Он не сомневался, что ему понравилось услышанное.
Но при этом он все же попытался изобразить негодующий взгляд.
— Твой отец все же прав, что переживает из-за твоих манер, — отбрил его Мунтадир. — И это еще мягко сказано, засранец ты гребаный.
— Тогда мне крупно повезло, что я поступил к вам на службу. — Джамшид ухмыльнулся, и Мунтадир начал по-настоящему опасаться, что задача, поставленная перед ним отцом, будет куда как труднее, чем он опасался вначале. — У вас будет много времени обучить меня.
Джамшид
Эти события происходят менее чем через год после тех, что описаны в предыдущей главе о Мунтадире. Глава содержит спойлеры к первой книге.
Звуки из-за закрытой двери доносились самые нелепые. Джамшид э-Прамух переступал с ноги на ногу, его предчувствия чего-то нехорошего только усилились, когда он оглядел увешанную церемониальным оружием стену в длинном мраморном коридоре, где он стоял охранником. Коллекция была впечатляющая. Копье такое громадное, что поднять его мог только гигант, булава, усаженная зубами заххака. Вогнутые щиты, сабли и… ух ты — топор с зазубринами, на которых еще остались следы крови и хрящей.

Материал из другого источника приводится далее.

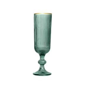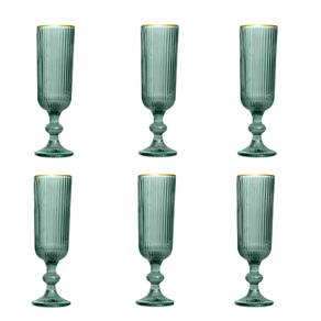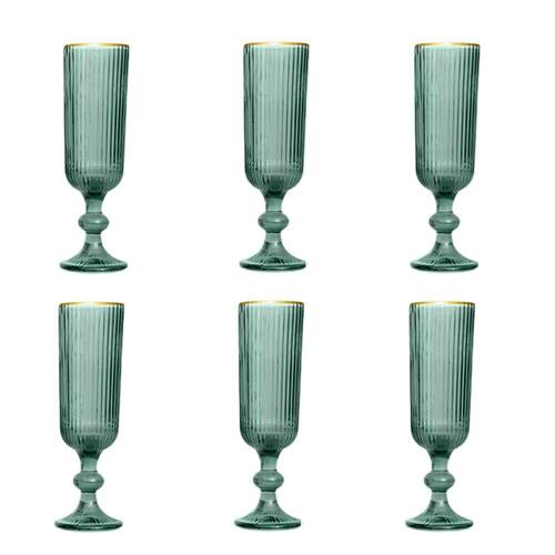 Apresentamos o Jogo de 6 Taças para Champanhe em Cristal Verde com Borda Dourada 160ml:

Возможно, в этом арсенале не было ничего удивительного, если вспомнить репутацию грозного военного вождя из тохаристанского пограничья, ныне обитающего в этих стенах. Этот вождь, судя по слухам, собирал солдат и деньги и был полон решимости защищать свое маленькое владение. Вождь, про которого говорили, что он изготовил золотую чашу из черепа одного из своих врагов и варил плененных ифритов заживо. Вождь, который приветствовал эмира Дэвабада хвастливым рассказом о том, что когда-то его предки пили кровь гезири.
Этот вождь, теперь уютно устроившийся в спальне с Мунтадиром и вроде бы — впрочем, Джамшид в этом практически не сомневался — еще не менее чем четырьмя людьми, включая и женщину, которая была женой вождя и начисто лишенной слуха певицей.
Из-за двери доносился легкий смех Мунтадира, дразнящий звук, от которого начинал беситься желудок Джамшида. Он не мог разобрать слов эмира, но в шутливом тоне не слышалось ни испуга, ни подавленности. Правда, Мунтадир никогда и не был подавленным или испуганным. Напротив, эмир Дэвабада, казалось, плывет по жизни абсолютно довольным и уверенным в себе, ничуть не беспокоясь о таких понятиях, как безопасность. Да и зачем ему это? У него были другие люди, которые за него думали об этих проблемах.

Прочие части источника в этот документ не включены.